Problem statement => All the records that follow need to be reproduced exactly. Omit the images.

Source data
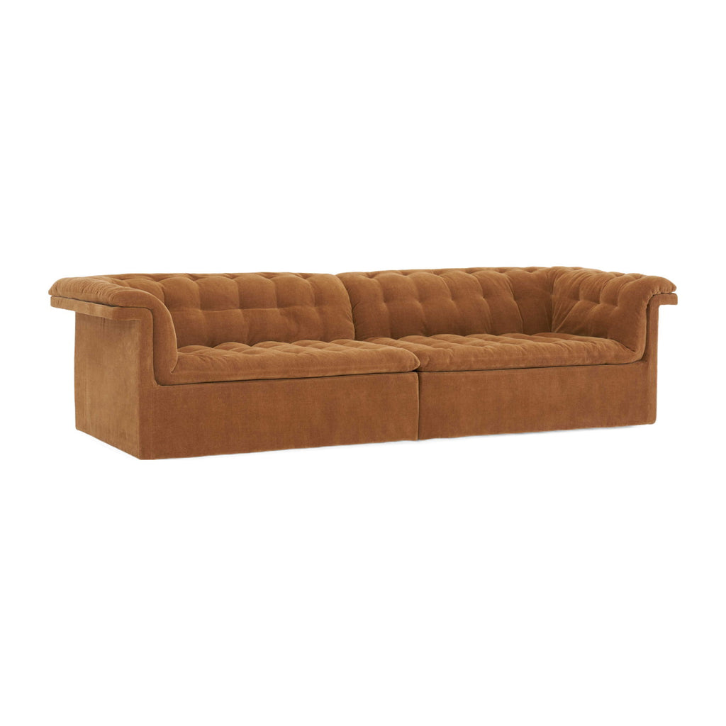 Furrow sofa treads the line between classical and modern, artfully combining the Chesterfield-inspired tufted motif with a sleek, contemporary form, managing to be whimsical and sophisticated at the same time.
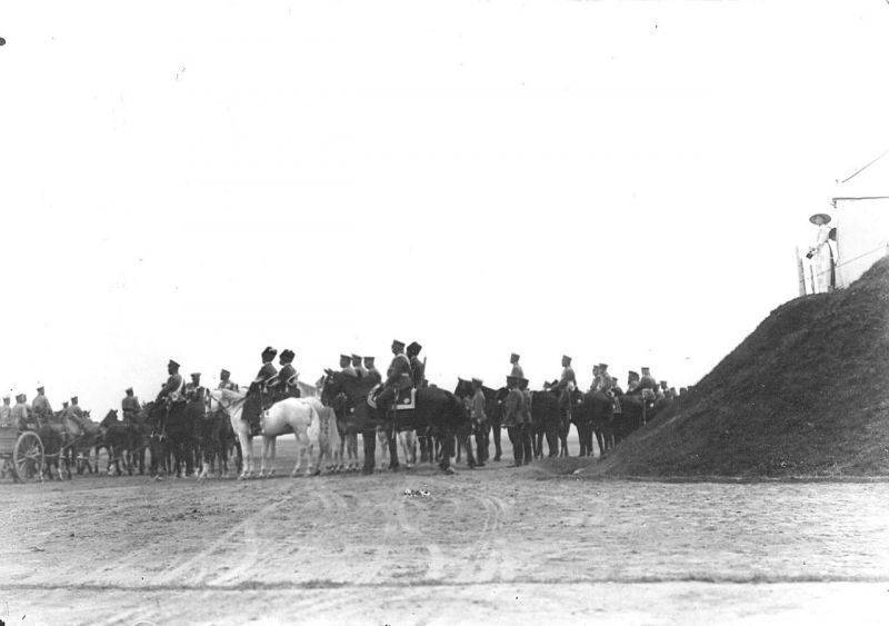 23. Император Николай II, офицеры русской армии и представители германской, французской и других иностранных военных миссий на параде войск. 30 июля 1912
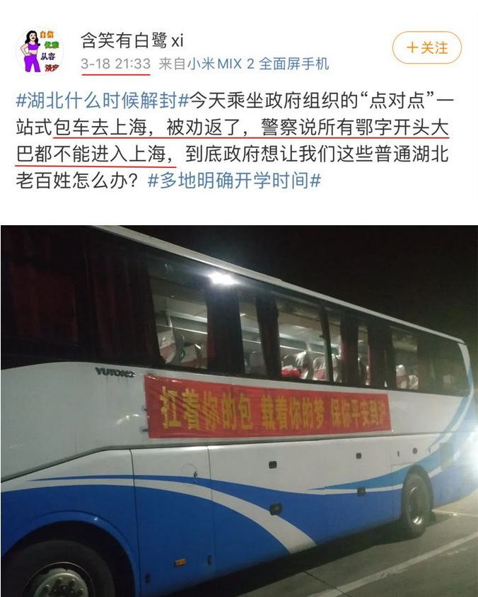 有媒體報道稱,3月18日至3月19日,多個湖北縣市的點(diǎn)對點(diǎn)大巴包車,到達(dá)上海市附近高速收費(fèi)站或高速公路后,遭遇無法進(jìn)入上海的囧境。不少返程復(fù)工人員為此等待至深夜,甚至只能在大巴車中過夜。
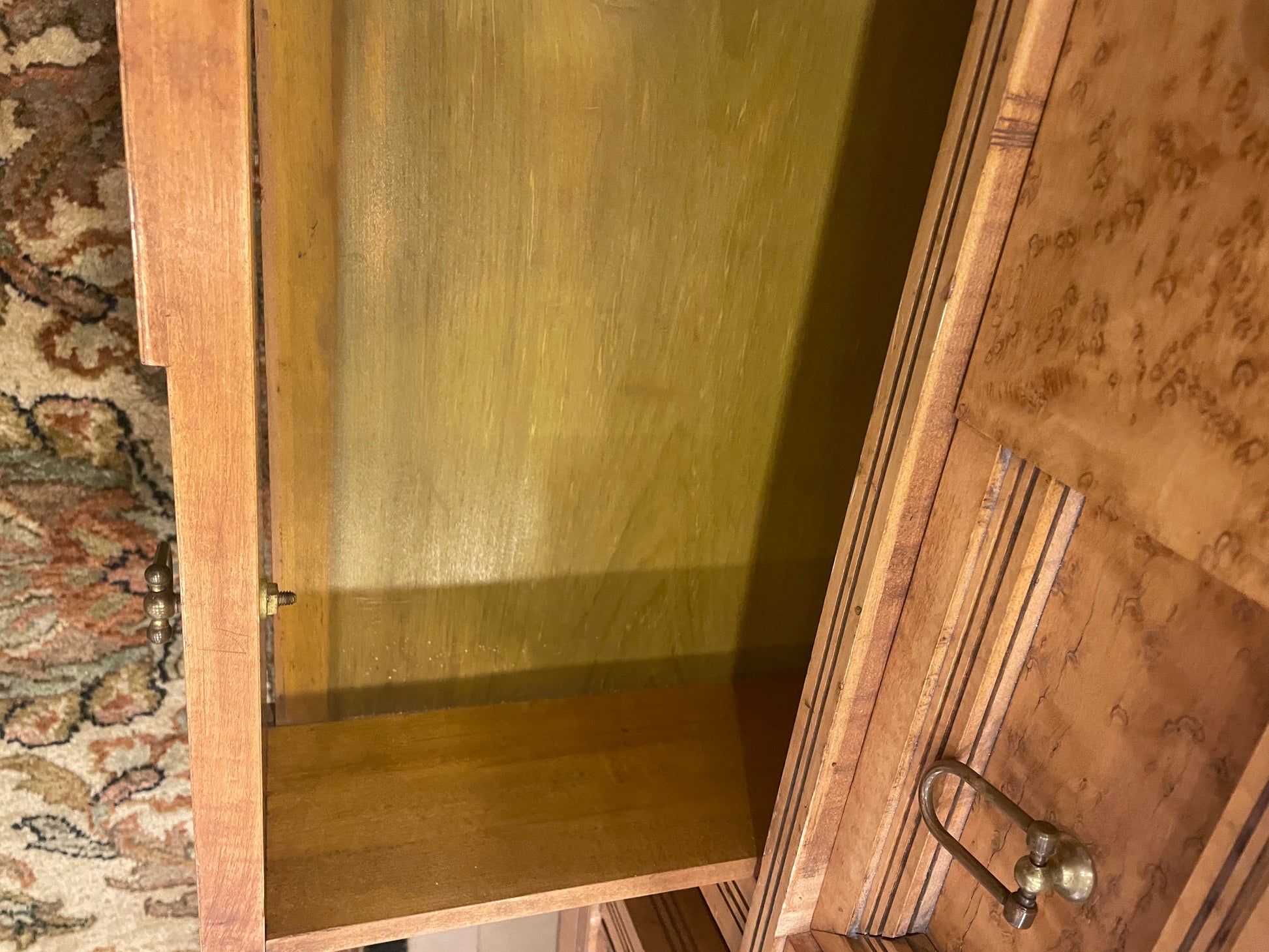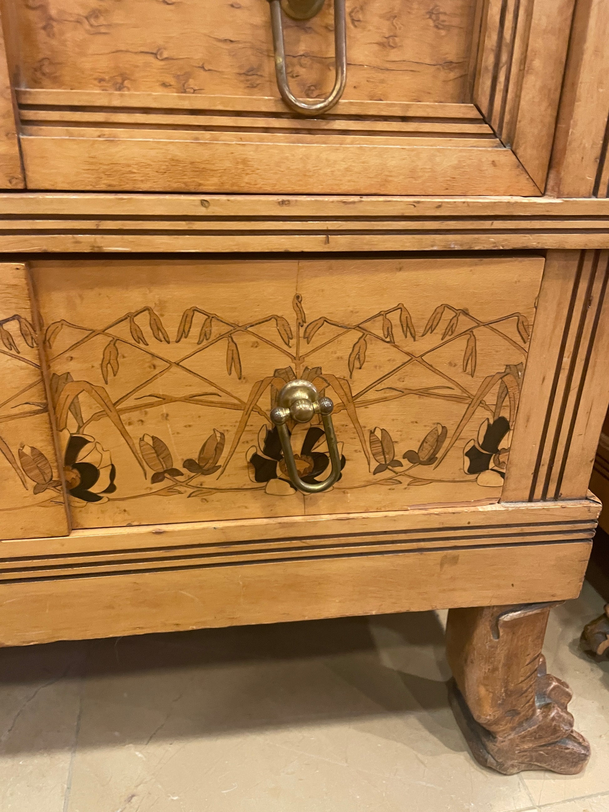 Continental 19th century Birdseye maple with marquetry dresser. This maple dresser has seven drawers, each of which has two small brass pull handles. Keyholes adorn the centers of the drawers. The beautiful maple wood of this piece has marquetry designs and Birdseye details. The piece sits on claw feet. The interiors of the drawers of this piece are a vibrant green color. This unique piece is full of detail and charm.
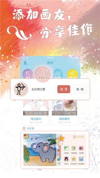 3、以画会友:轻松转发第三方社交平台,自由创建专属的“画友圈”,独立的画作分享平台,让小伙伴们都来围观吧!
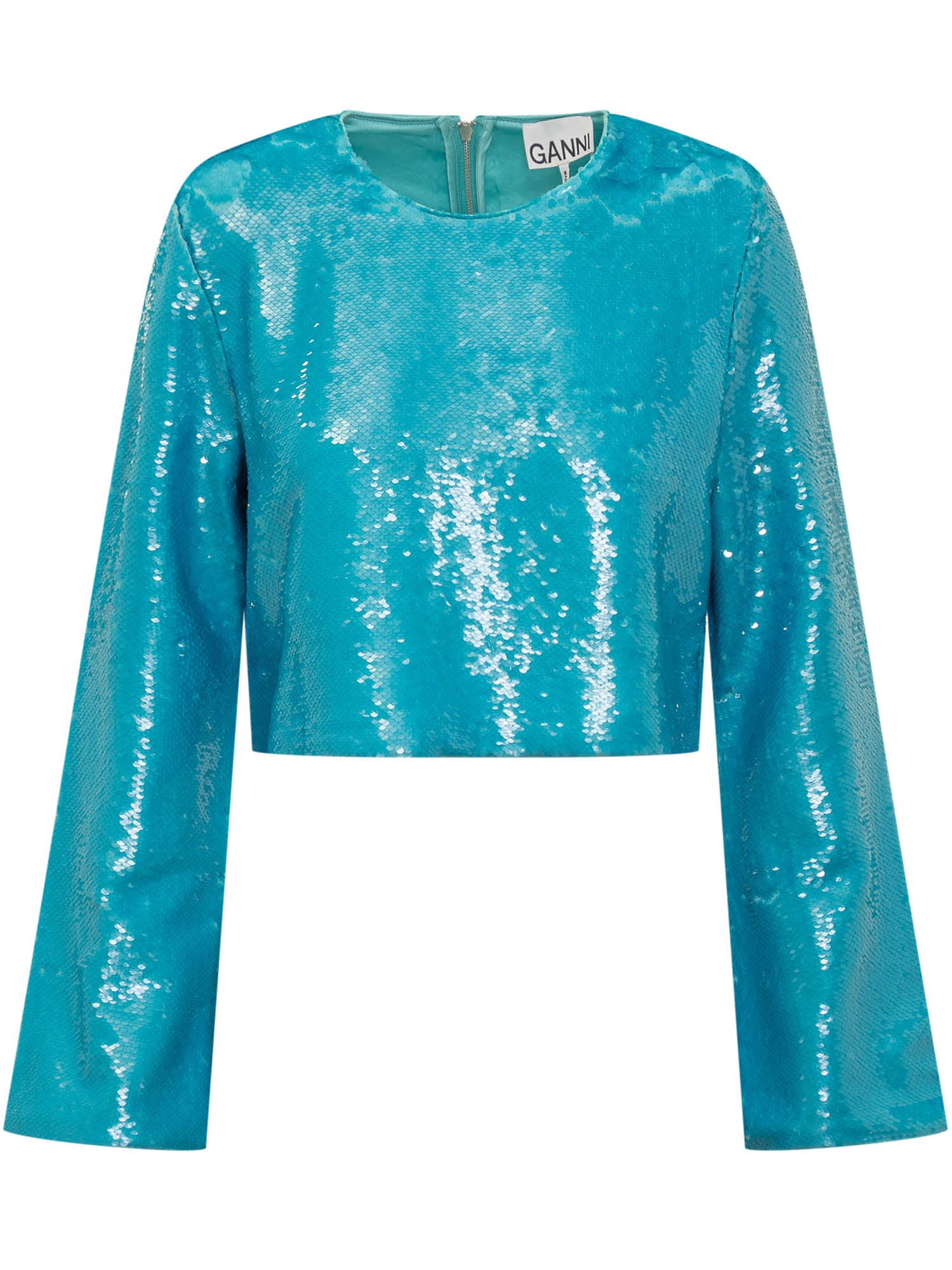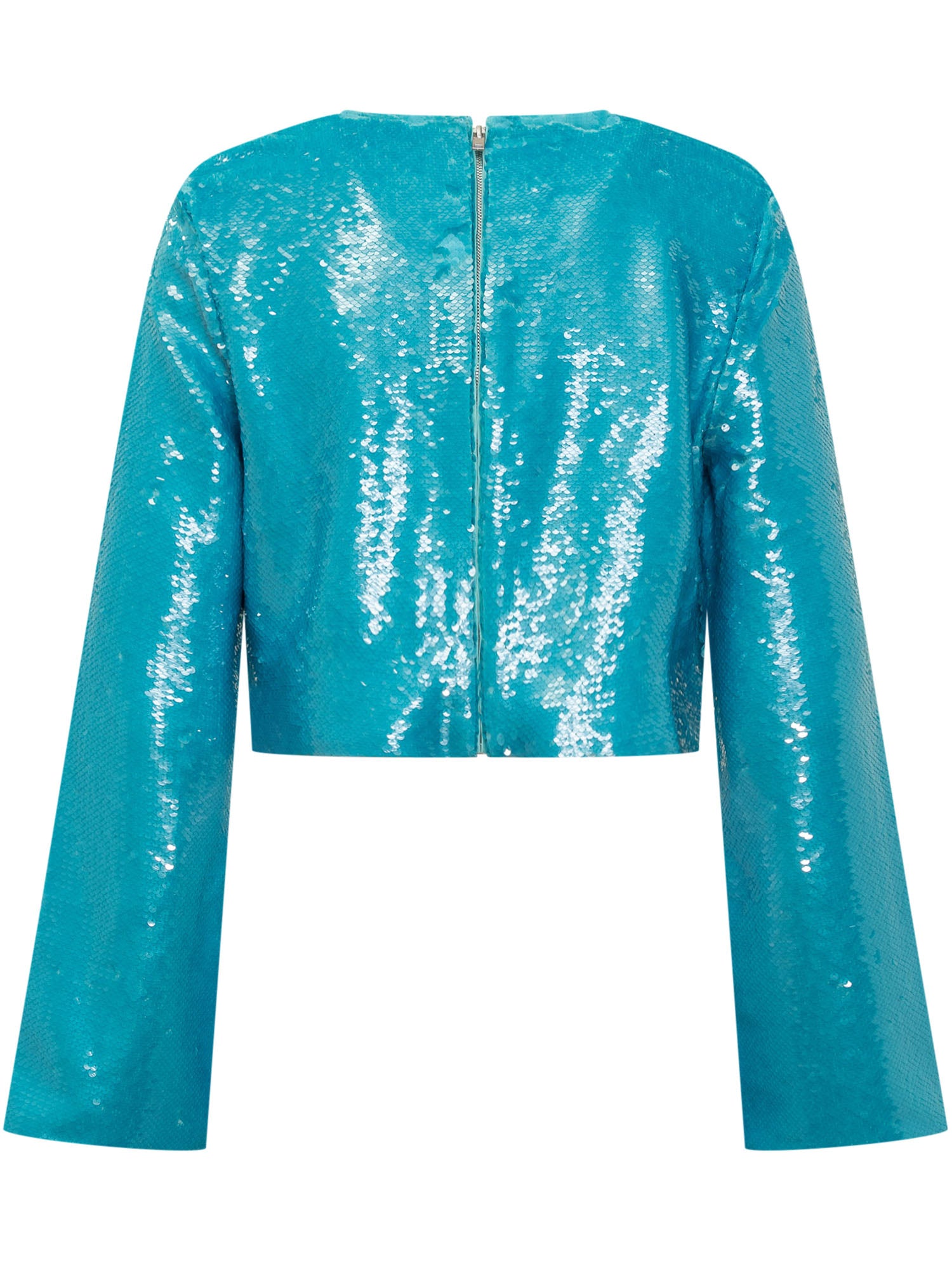 Crop blouse. Long sleeves. Zip back closure. Round neck.

Task solution =>
 Furrow sofa treads the line between classical and modern, artfully combining the Chesterfield-inspired tufted motif with a sleek, contemporary form, managing to be whimsical and sophisticated at the same time.
 23. Император Николай II, офицеры русской армии и представители германской, французской и других иностранных военных миссий на параде войск. 30 июля 1912
 有媒體報道稱,3月18日至3月19日,多個湖北縣市的點(diǎn)對點(diǎn)大巴包車,到達(dá)上海市附近高速收費(fèi)站或高速公路后,遭遇無法進(jìn)入上海的囧境。不少返程復(fù)工人員為此等待至深夜,甚至只能在大巴車中過夜。
 Continental 19th century Birdseye maple with marquetry dresser. This maple dresser has seven drawers, each of which has two small brass pull handles. Keyholes adorn the centers of the drawers. The beautiful maple wood of this piece has marquetry designs and Birdseye details. The piece sits on claw feet. The interiors of the drawers of this piece are a vibrant green color. This unique piece is full of detail and charm.
 3、以画会友:轻松转发第三方社交平台,自由创建专属的“画友圈”,独立的画作分享平台,让小伙伴们都来围观吧!
 Crop blouse. Long sleeves. Zip back closure. Round neck.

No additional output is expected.